Also, had to project weapon forward onto spines forward plane as the origin.

added clamping and smoothing too: :)


Transform s = spine;
Transform w = weapon.transform;

float distance = float.PositiveInfinity;
float minDistance = 0.01f;
int iteration = 30;

Quaternion oldRotation = lastAimRotation;

while (distance > minDistance && iteration > 0) {

	Vector3 aimOrigin = w.TransformPoint(weapon.attackPoint);
	Vector3 origin;

	if (!LinePlaneIntersection(out origin, aimOrigin, -w.forward, s.forward, s.position)) {

		//if for some readon the weapon cannot intersect with spine forward plane, just use the aim origin
		//hopefully this never happens as weapon should always be in front of spine
		
		origin = aimOrigin;
	}

	Vector3 weaponForward = w.forward;
	Vector3 aimForward = target - origin;

	Quaternion rot = Quaternion.FromToRotation(weaponForward, aimForward);

	distance = rot.eulerAngles.sqrMagnitude;
	iteration--;

	s.rotation = rot * s.rotation;
}

//clamp angles

Vector3 angles = s.localEulerAngles;

//offset the clamped angles by any upper body offset
//we may need this if characters aren't aligned forward when rotation is identity

angles.x = ClampAngle(angles.x, minUpperBodyAngles.x + upperBodyAngleOffset.x, maxUpperBodyAngles.x + upperBodyAngleOffset.x);
angles.y = ClampAngle(angles.y, minUpperBodyAngles.y + upperBodyAngleOffset.y, maxUpperBodyAngles.y + upperBodyAngleOffset.y);
angles.z = ClampAngle(angles.z, minUpperBodyAngles.z + upperBodyAngleOffset.z, maxUpperBodyAngles.z + upperBodyAngleOffset.z);

s.localEulerAngles = angles;

//smooth if we have easing

if (aimRotationEasing > 0) {

	s.rotation = Quaternion.Slerp(lastAimRotation, s.rotation, Time.deltaTime * aimRotationEasing);
	lastAimRotation = s.rotation;
}

private static float ClampAngle(float ang, float min, float max) {

	if (ang > 180) ang -= 360;
	if (max > 180) max -= 360;
	if (min > 180) min -= 360;

	ang = Mathf.Clamp(ang, min, max);

	return ang < 0 ? ang + 360 : ang;
}

private static bool LinePlaneIntersection(out Vector3 intersection, Vector3 linePoint, Vector3 lineVec, Vector3 planeNormal, Vector3 planePoint) {

	float dotNumerator = Vector3.Dot(planePoint - linePoint, planeNormal);
	float dotDenominator = Vector3.Dot(lineVec, planeNormal);

	if (dotDenominator != 0.0f) {

		intersection = linePoint + lineVec.normalized * (dotNumerator / dotDenominator);
		return true;
	}
	else {
		
		intersection = Vector3.zero;
		return false;
	}
}
Another solution that the programmers at Naughty Dog used is to have static poses per weapon direction, like one pose aiming front (base pose), another aiming above (90 degrees on X axis), another aiming right (90 degrees on the Y axis) etc.
Then you blend between the desired poses with additive animation.

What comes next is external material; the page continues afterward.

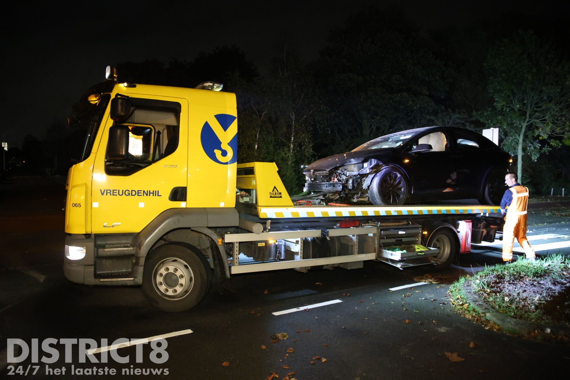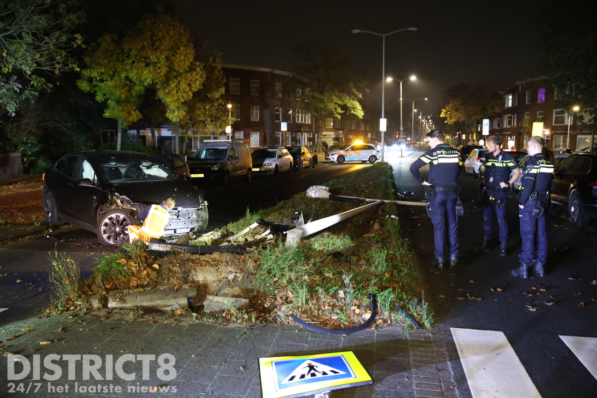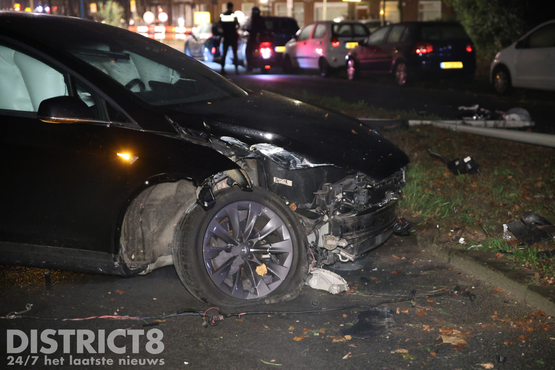 Een Tesla bleek vanaf de Neherkade richting Rijswijk van de weg te zijn geraakt. Nadat de wagen een verkeersbord en een lantaarnpaal ramde kwam deze op de tegenover gelegen rijbaan tot stilstand. De bestuurder stond inmiddels al naast de wagen toen agenten aan kwamen, hij bleek wonder boven wonder geen verwondingen te hebben. Nadat bij de bestuurder een drugs- en alcoholtest was afgenomen is hij aangehouden. Hij is lopend het bureau ingebracht voor nader onderzoek, vermoedelijk was de man tijdens het ongeval onder invloed.

http://www.gdcvault.com/play/1012300/Animation-and-Player-Control-in

The benefit of this is that you can use not only the spine but the arms and shoulders to aim (so it looks more natural), there's no need for iteration and additive animation is procedural, so no memory cost except for the individual poses.
This is possible to do with your Unity.

nice, thanks for sharing. Maybe I can convince my animator to pose something for me :)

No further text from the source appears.